Pictures in the records below must be left out. Return exactly the lines from the line with "さらに、付属チェーンのカラビ" to the line with "Hat box with flowers 'Flight of fantasy'", both included.

Dataset content:
================
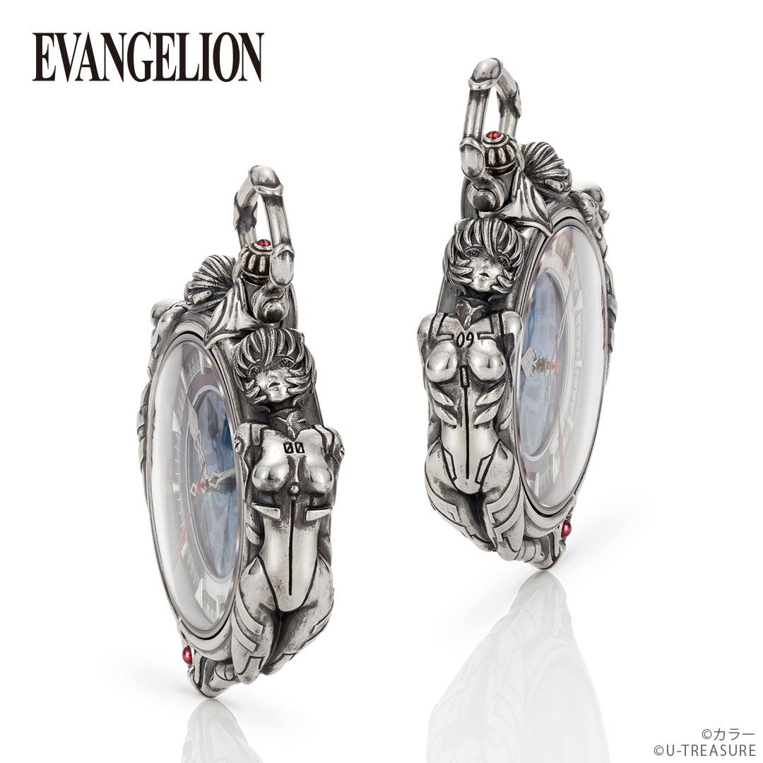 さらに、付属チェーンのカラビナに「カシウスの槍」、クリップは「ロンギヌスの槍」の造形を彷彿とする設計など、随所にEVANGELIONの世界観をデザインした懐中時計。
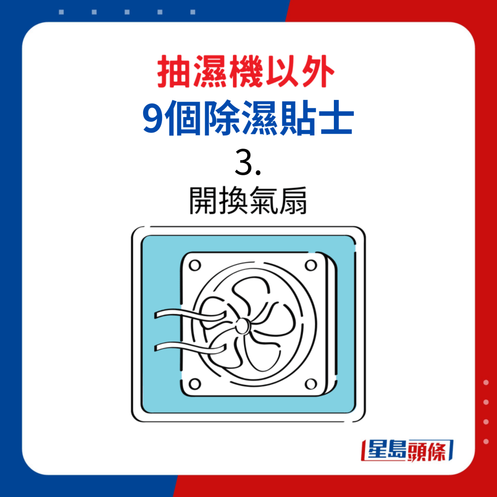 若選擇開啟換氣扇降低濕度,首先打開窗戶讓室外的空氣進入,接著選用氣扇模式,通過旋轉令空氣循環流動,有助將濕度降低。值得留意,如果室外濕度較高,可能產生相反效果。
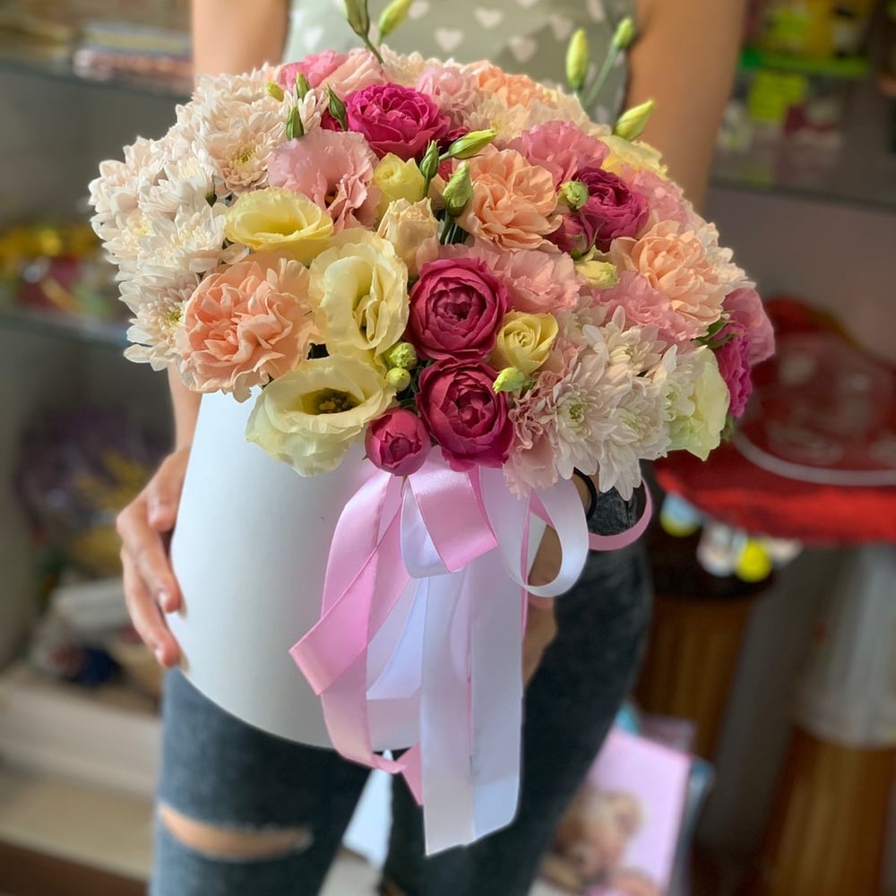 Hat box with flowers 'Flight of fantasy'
================
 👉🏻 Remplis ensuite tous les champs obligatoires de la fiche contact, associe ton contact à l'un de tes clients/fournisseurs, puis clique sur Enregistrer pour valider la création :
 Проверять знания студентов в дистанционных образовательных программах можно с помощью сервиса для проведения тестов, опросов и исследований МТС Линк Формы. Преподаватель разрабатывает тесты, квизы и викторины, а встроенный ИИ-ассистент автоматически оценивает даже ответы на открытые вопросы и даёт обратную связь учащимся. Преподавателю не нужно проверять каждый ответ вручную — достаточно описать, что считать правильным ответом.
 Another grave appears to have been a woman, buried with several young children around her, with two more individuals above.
================
Answer for the task:
 さらに、付属チェーンのカラビナに「カシウスの槍」、クリップは「ロンギヌスの槍」の造形を彷彿とする設計など、随所にEVANGELIONの世界観をデザインした懐中時計。
 若選擇開啟換氣扇降低濕度,首先打開窗戶讓室外的空氣進入,接著選用氣扇模式,通過旋轉令空氣循環流動,有助將濕度降低。值得留意,如果室外濕度較高,可能產生相反效果。
 Hat box with flowers 'Flight of fantasy'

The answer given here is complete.